▸ **Data shown**
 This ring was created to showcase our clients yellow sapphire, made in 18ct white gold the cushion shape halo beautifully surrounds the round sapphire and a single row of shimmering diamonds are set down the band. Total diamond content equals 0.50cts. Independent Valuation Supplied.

...

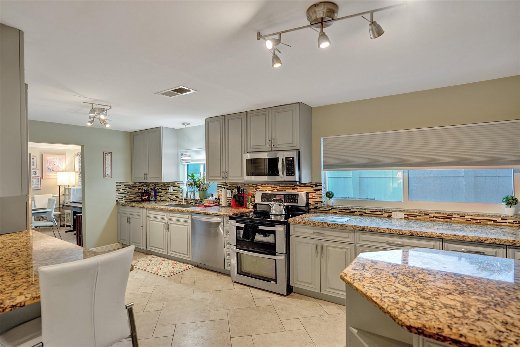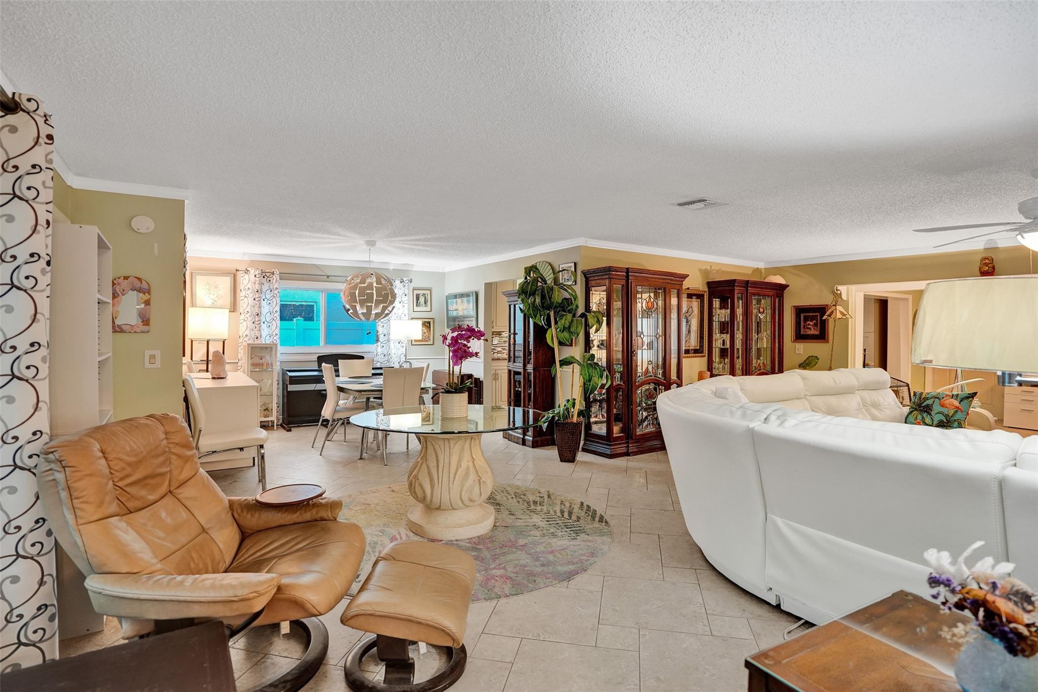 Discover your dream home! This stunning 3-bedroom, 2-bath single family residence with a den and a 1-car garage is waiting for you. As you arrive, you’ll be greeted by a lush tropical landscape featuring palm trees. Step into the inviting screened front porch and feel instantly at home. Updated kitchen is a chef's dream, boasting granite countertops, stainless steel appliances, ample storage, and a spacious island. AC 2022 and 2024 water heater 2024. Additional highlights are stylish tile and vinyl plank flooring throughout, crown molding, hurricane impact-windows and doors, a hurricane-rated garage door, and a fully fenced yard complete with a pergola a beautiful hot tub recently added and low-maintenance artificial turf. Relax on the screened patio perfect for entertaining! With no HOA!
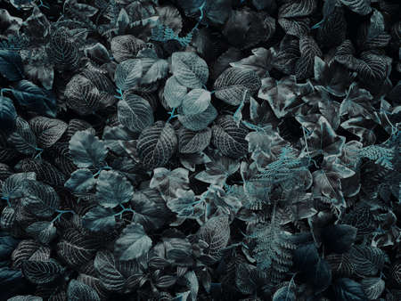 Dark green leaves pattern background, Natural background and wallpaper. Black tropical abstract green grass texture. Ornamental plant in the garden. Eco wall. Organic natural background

▸ **What you have to do**
In the listing above, find the line with "Discover your dream" and output every line through the one with "Dark green leaves", exactly, without the pictures.

▸ **Written response**
 Discover your dream home! This stunning 3-bedroom, 2-bath single family residence with a den and a 1-car garage is waiting for you. As you arrive, you’ll be greeted by a lush tropical landscape featuring palm trees. Step into the inviting screened front porch and feel instantly at home. Updated kitchen is a chef's dream, boasting granite countertops, stainless steel appliances, ample storage, and a spacious island. AC 2022 and 2024 water heater 2024. Additional highlights are stylish tile and vinyl plank flooring throughout, crown molding, hurricane impact-windows and doors, a hurricane-rated garage door, and a fully fenced yard complete with a pergola a beautiful hot tub recently added and low-maintenance artificial turf. Relax on the screened patio perfect for entertaining! With no HOA!
 Dark green leaves pattern background, Natural background and wallpaper. Black tropical abstract green grass texture. Ornamental plant in the garden. Eco wall. Organic natural background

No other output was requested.